What is being asked => Nothing but the pictures should go missing; return all the entries below exactly.

[Stored dataset items]

----------------------------------------

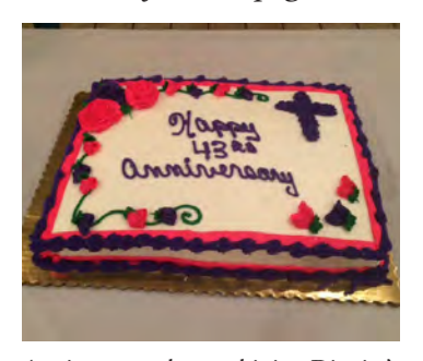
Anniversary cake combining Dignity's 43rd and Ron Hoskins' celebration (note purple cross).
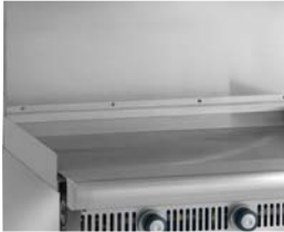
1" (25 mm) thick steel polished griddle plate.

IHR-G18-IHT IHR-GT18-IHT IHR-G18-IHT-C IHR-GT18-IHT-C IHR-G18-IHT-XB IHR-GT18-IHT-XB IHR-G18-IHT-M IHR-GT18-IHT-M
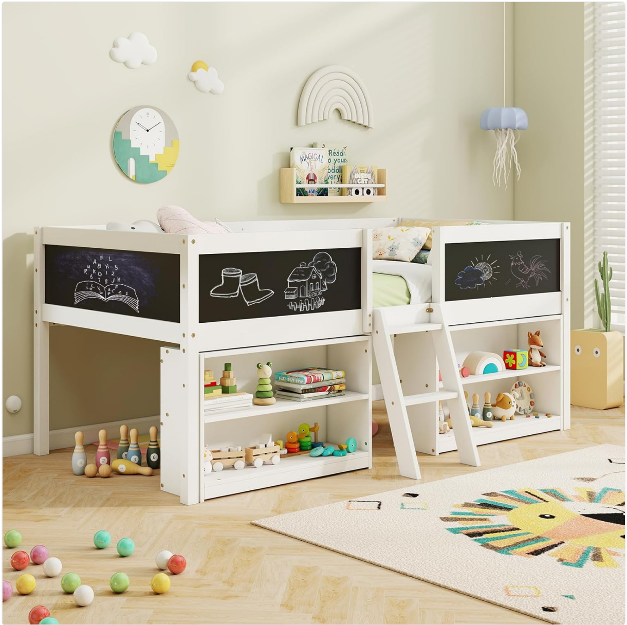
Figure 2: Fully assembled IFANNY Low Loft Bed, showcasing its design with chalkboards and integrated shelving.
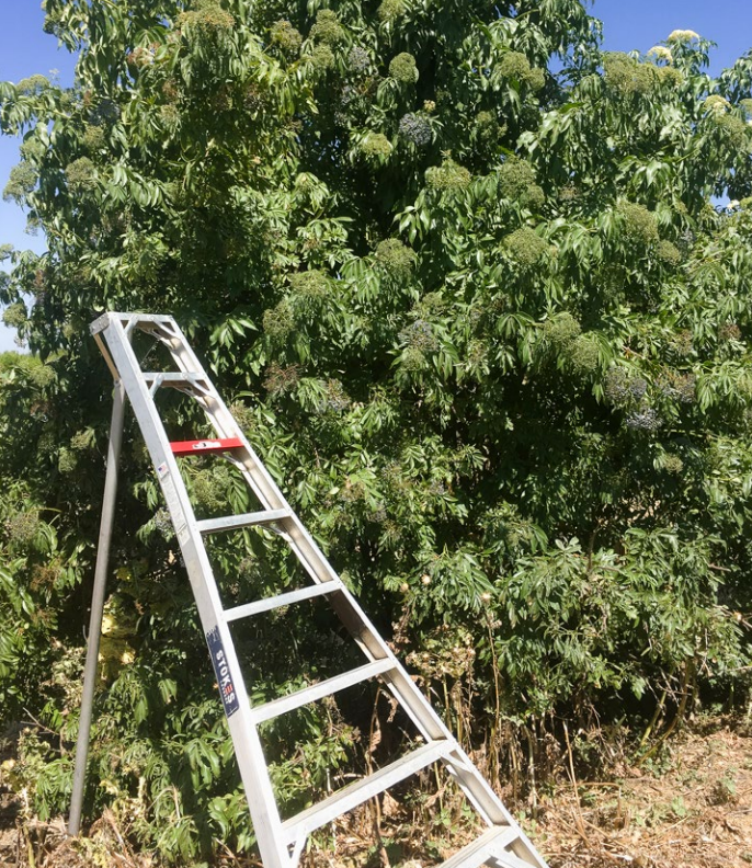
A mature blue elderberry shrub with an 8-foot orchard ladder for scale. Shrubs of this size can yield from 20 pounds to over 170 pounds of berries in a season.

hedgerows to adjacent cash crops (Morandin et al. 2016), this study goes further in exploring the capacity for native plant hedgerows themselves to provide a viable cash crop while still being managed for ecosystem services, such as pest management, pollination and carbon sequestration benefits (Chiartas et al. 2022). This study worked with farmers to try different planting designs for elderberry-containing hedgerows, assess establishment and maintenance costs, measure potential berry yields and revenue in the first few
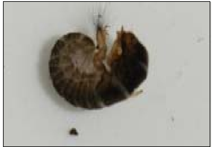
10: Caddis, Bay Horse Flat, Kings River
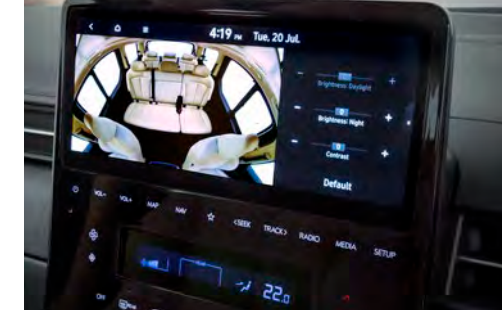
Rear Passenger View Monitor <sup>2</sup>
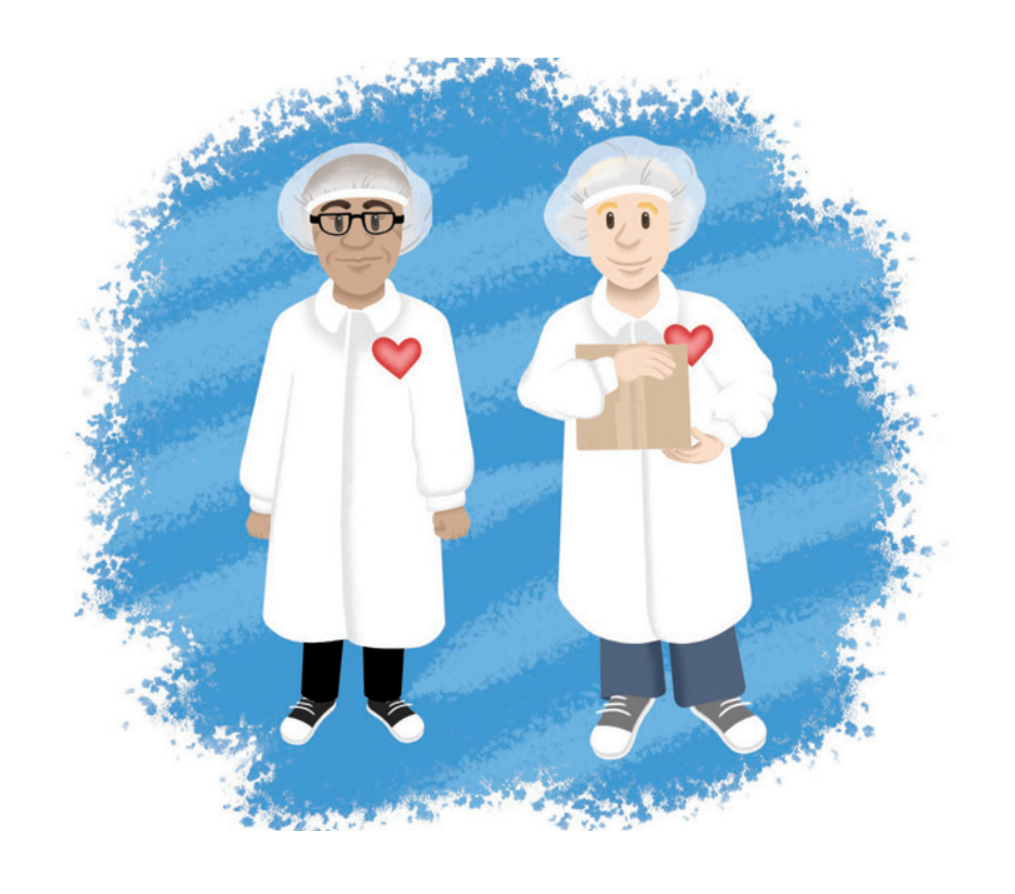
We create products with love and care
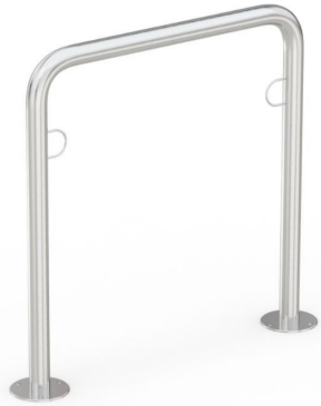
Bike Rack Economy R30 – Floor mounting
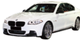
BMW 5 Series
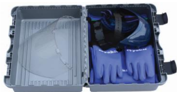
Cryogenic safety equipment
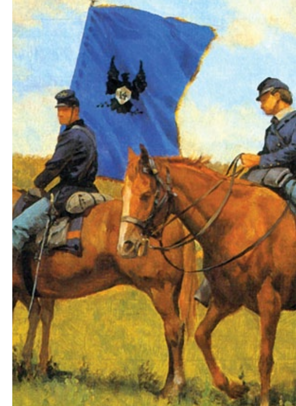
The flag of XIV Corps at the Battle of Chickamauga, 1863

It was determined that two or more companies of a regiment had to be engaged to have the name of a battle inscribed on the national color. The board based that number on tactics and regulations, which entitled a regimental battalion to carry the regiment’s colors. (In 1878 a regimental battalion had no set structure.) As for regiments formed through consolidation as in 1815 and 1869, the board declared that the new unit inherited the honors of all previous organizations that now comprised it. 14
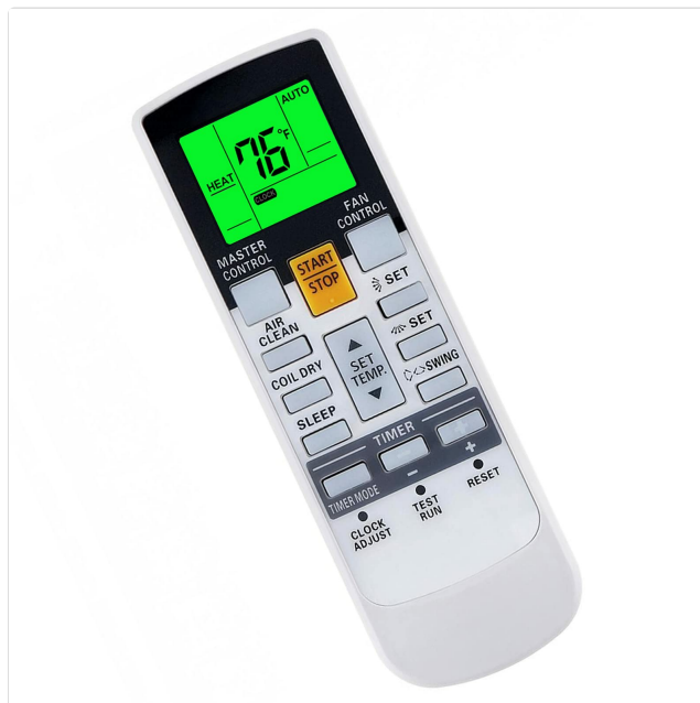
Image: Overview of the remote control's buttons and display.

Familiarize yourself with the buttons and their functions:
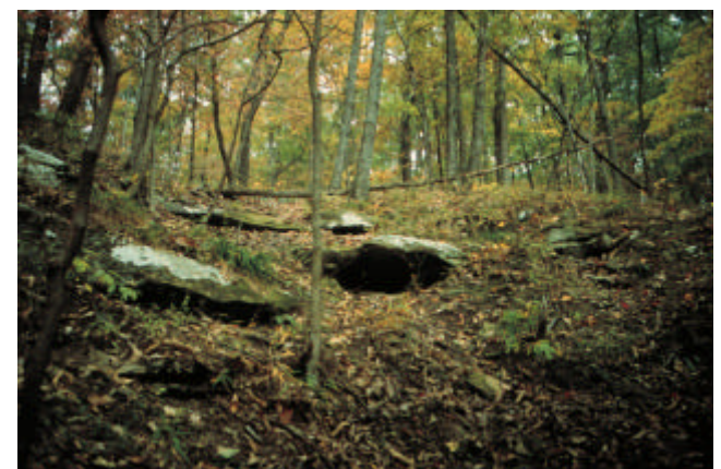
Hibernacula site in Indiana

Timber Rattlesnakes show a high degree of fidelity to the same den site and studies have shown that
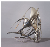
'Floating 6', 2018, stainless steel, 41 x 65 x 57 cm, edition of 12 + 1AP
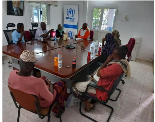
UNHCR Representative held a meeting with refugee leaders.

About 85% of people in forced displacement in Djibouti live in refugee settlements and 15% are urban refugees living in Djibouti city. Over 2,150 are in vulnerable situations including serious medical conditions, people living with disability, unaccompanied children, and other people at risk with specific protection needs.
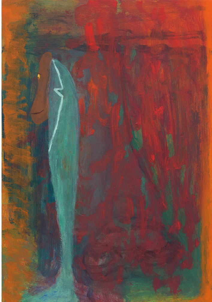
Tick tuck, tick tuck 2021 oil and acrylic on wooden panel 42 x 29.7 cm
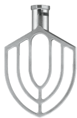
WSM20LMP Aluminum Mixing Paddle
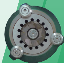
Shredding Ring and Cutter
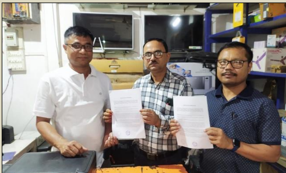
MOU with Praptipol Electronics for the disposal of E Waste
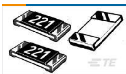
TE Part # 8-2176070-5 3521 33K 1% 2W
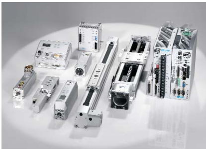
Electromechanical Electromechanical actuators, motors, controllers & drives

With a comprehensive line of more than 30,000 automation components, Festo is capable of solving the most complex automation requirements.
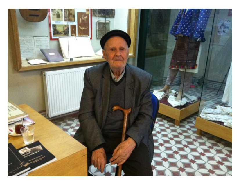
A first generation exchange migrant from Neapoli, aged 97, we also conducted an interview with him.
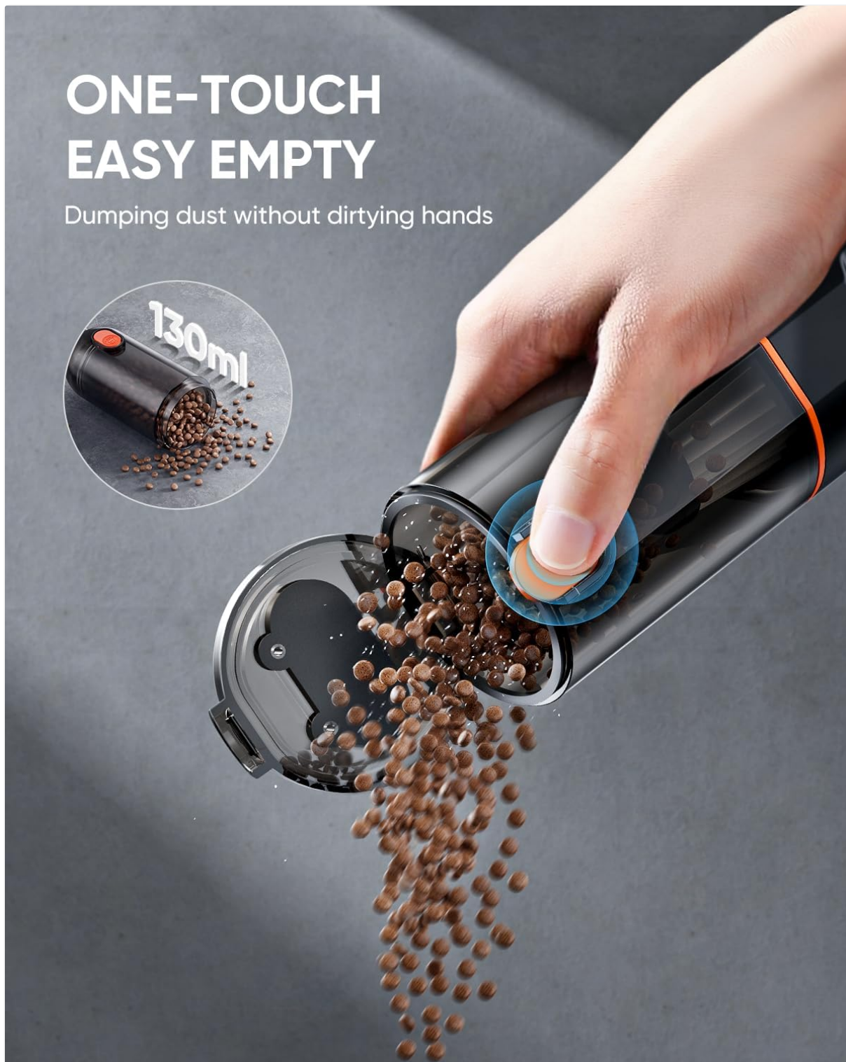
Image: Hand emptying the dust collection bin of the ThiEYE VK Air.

----------------------------------------

Solution to this exercise =>
Anniversary cake combining Dignity's 43rd and Ron Hoskins' celebration (note purple cross).
1" (25 mm) thick steel polished griddle plate.

IHR-G18-IHT IHR-GT18-IHT IHR-G18-IHT-C IHR-GT18-IHT-C IHR-G18-IHT-XB IHR-GT18-IHT-XB IHR-G18-IHT-M IHR-GT18-IHT-M
Figure 2: Fully assembled IFANNY Low Loft Bed, showcasing its design with chalkboards and integrated shelving.
A mature blue elderberry shrub with an 8-foot orchard ladder for scale. Shrubs of this size can yield from 20 pounds to over 170 pounds of berries in a season.

hedgerows to adjacent cash crops (Morandin et al. 2016), this study goes further in exploring the capacity for native plant hedgerows themselves to provide a viable cash crop while still being managed for ecosystem services, such as pest management, pollination and carbon sequestration benefits (Chiartas et al. 2022). This study worked with farmers to try different planting designs for elderberry-containing hedgerows, assess establishment and maintenance costs, measure potential berry yields and revenue in the first few
10: Caddis, Bay Horse Flat, Kings River
Rear Passenger View Monitor <sup>2</sup>
We create products with love and care
Bike Rack Economy R30 – Floor mounting
BMW 5 Series
Cryogenic safety equipment
The flag of XIV Corps at the Battle of Chickamauga, 1863

It was determined that two or more companies of a regiment had to be engaged to have the name of a battle inscribed on the national color. The board based that number on tactics and regulations, which entitled a regimental battalion to carry the regiment’s colors. (In 1878 a regimental battalion had no set structure.) As for regiments formed through consolidation as in 1815 and 1869, the board declared that the new unit inherited the honors of all previous organizations that now comprised it. 14
Image: Overview of the remote control's buttons and display.

Familiarize yourself with the buttons and their functions:
Hibernacula site in Indiana

Timber Rattlesnakes show a high degree of fidelity to the same den site and studies have shown that
'Floating 6', 2018, stainless steel, 41 x 65 x 57 cm, edition of 12 + 1AP
UNHCR Representative held a meeting with refugee leaders.

About 85% of people in forced displacement in Djibouti live in refugee settlements and 15% are urban refugees living in Djibouti city. Over 2,150 are in vulnerable situations including serious medical conditions, people living with disability, unaccompanied children, and other people at risk with specific protection needs.
Tick tuck, tick tuck 2021 oil and acrylic on wooden panel 42 x 29.7 cm
WSM20LMP Aluminum Mixing Paddle
Shredding Ring and Cutter
MOU with Praptipol Electronics for the disposal of E Waste
TE Part # 8-2176070-5 3521 33K 1% 2W
Electromechanical Electromechanical actuators, motors, controllers & drives

With a comprehensive line of more than 30,000 automation components, Festo is capable of solving the most complex automation requirements.
A first generation exchange migrant from Neapoli, aged 97, we also conducted an interview with him.
Image: Hand emptying the dust collection bin of the ThiEYE VK Air.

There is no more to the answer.